Dr. Leonard was born in Massachusetts on December 3, 1927 and grew up in Newton, Massachusetts. In 1950, he earned his undergraduate degree in history from Colby College.
He received his PhD from Harvard College in 1960. His thesis, Jazz and the White Americans: The Acceptance of a New Art Form, was published by the University of Chicago Press in 1962. University of Vermont Professor John Gennari and author of Blowin’ Hot and Cool: Jazz and its Critics, wrote that Dr. Leonard’s book “was the first systematic, analytical account of the culture war that jazz triggered in 1920s America, a war of ideas and passions in which a cult of true believers embraced jazz as the salvation and redemption of Western civilization, while a rearguard of latter-day jeremiahs saw it as a fatal sign of degeneration and damnation.”

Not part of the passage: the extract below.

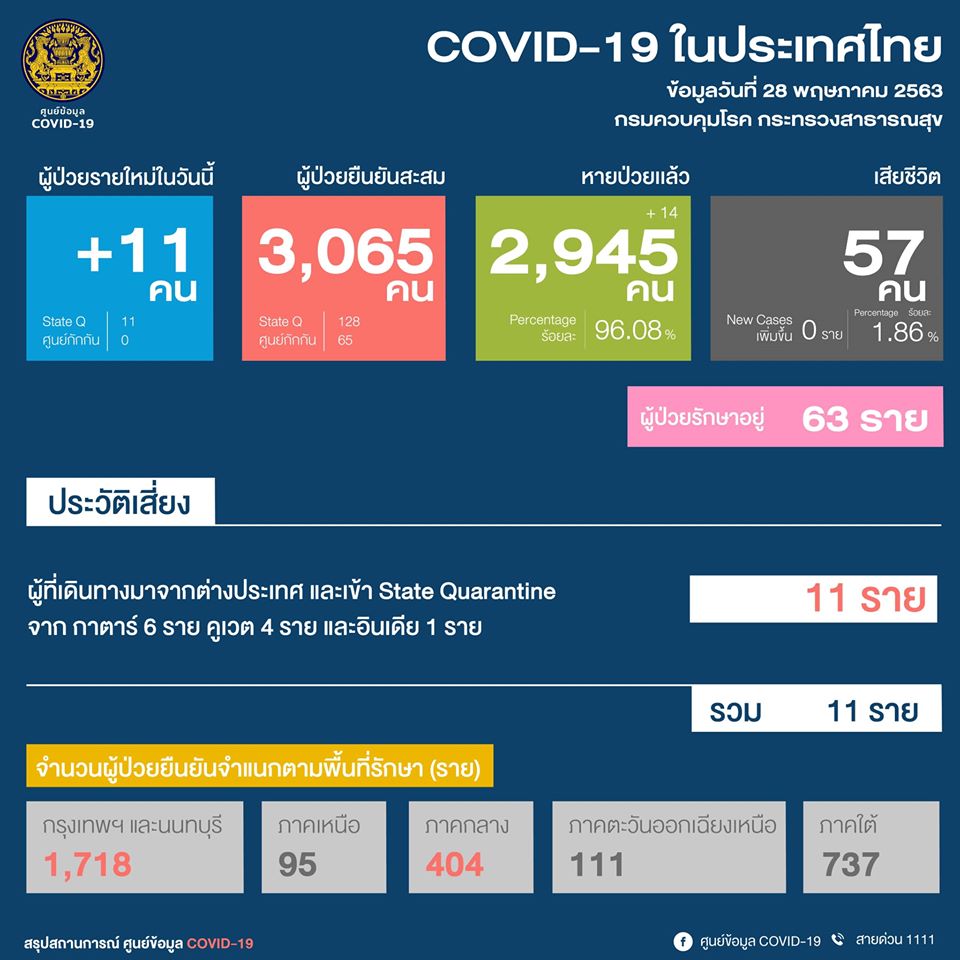 นายแพทย์ทวีศิลป์ วิษณุโยธิน โฆษกศูนย์บริหารสถานการณ์โควิด-19 (ศบค.) เปิดเผยว่า สถานการณ์ผู้ป่วยโรคโควิด-19ในวันนี้ (28 พ.ค.63) พบว่า มีผู้ป่วยติดเชื้อ 11 คน ทำให้ยอดสะสมอยู่ที่ 3,065 คน รักษาหายเพิ่ม 14 คน สะสม 2,945 คน และไม่มีผู้เสียชีวิต ทำให้ยอดสะสมอยู่ที่ 57 คน สำหรับผู้ป่วยที่อยู่ระหว่างการรักษาอยู่ที่ 63 คน

Dr. Leonard joined the American Civilization department at the University of Pennsylvania in 1961 as an assistant professor, eventually becoming its chairman. He published his second book, Jazz: Myth and Religion, with Oxford University Press in 1987. After the American Civilization department closed, he was appointed a professor of history in 1987 and became emeritus in 1996. Dr. Leonard is survived by his wife, Dorothy Washburn Leonard; his children, Devin, Neil III, Amy and Christopher Leonard; and seven grandchildren.
A memorial service will be held Saturday, February 23, 2013 in the Terrace Room in Cohen (formerly Logan) Hall, 2 to 4 p.m.